How to tackle discarded plastic bags along Iowa roads

You’ve probably noticed now that snow is gone that what’s left behind is trash along Iowa roadways. Much of it is plastic bags.

California and Hawaii have banned plastic bags. Should Iowa follow?

It’s not the growing season yet, but a farm field along University Avenue in Waukee has a bumper crop of the bags.

Rachel Goodall sees it every day out her front door.


“Colorful plastic bags with variety of garbage mixed in too,” said Goodall. “It sticks to everything. It gets shredded and it’s hard to come off.”

When it comes to trash, plastic bags are the worst said a DOT crew cleaning along Interstate- 235 in Des Moines Wednesday.

Gerry Schnepf of Keep Iowa Beautiful said Iowa spends $14 million a year in taxpayer money cleaning up trash along roadways and other public areas. He said Iowa needs to explore options other than banning the bags like getting tougher on litterbugs.

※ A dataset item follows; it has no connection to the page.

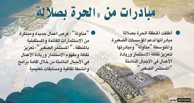 تواصل حكومة سلطنة عُمان طرح مبادرات مبتكرة للاستثمار وتنويع مصادر الدخل الوطني، حيث دشنت المنطقة الحرة بصلالة هويتها التجارية الجديدة وأطلقت مبادرتها لدعم المؤسسات الصغيرة والمتوسطة (مناولة) ومبادرتها لتعزيز ثقافة الاستثمار وريادة الأعمال في الأجيال الناشئة (المستثمر الصغير) وتمكنت المنطقة من توطين 87 اتفاقية حق انتفاع بحجم استثماريقدر بـ8.7 مليار دولار أمريكي، وحجم القوى العاملة المباشرة في المنطقة الحرة وصلت إلى 2198 موظفا محققين نسبة تعمين تقدر بـ 36 في المائة.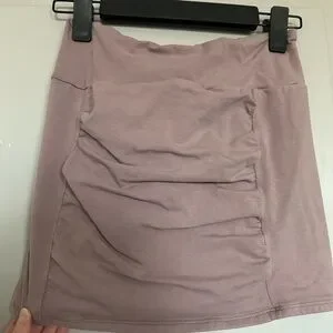 Soft mauve ruched skirt with a flattering fitted silhouette. Stretch fabric offers comfortable all-day wear. Subtle ruching adds texture and a chic touch. Easy to pair for casual or dressy looks.

“Our penalty here is $70, not a big amount and one of lowest in the nation,” said Schnepf.

Educating Iowans about in-store recycling and buying reusable bags would also help the problem.


Why is it important to recycle your plastic bags? One reason is they can have a second life as furniture.

Iowans can’t put plastic bags in their curbside recycling bins because they can’t be sorted mechanically and gum up the equipment. They can be taken back to most grocery stores who will in turn sell them to plastic recycling companies.

One of those companies is Plastic Recycling of Iowa Falls. They can take 32,000 plastic bags, shred them, mix them with chemicals, mold them and make them into outdoor furniture like tables and benches.

The Iowa Grocery Industry Association is giving out Build With Bags grants of $2,000 each to community groups who can use the money to buy various items made from recycled plastic.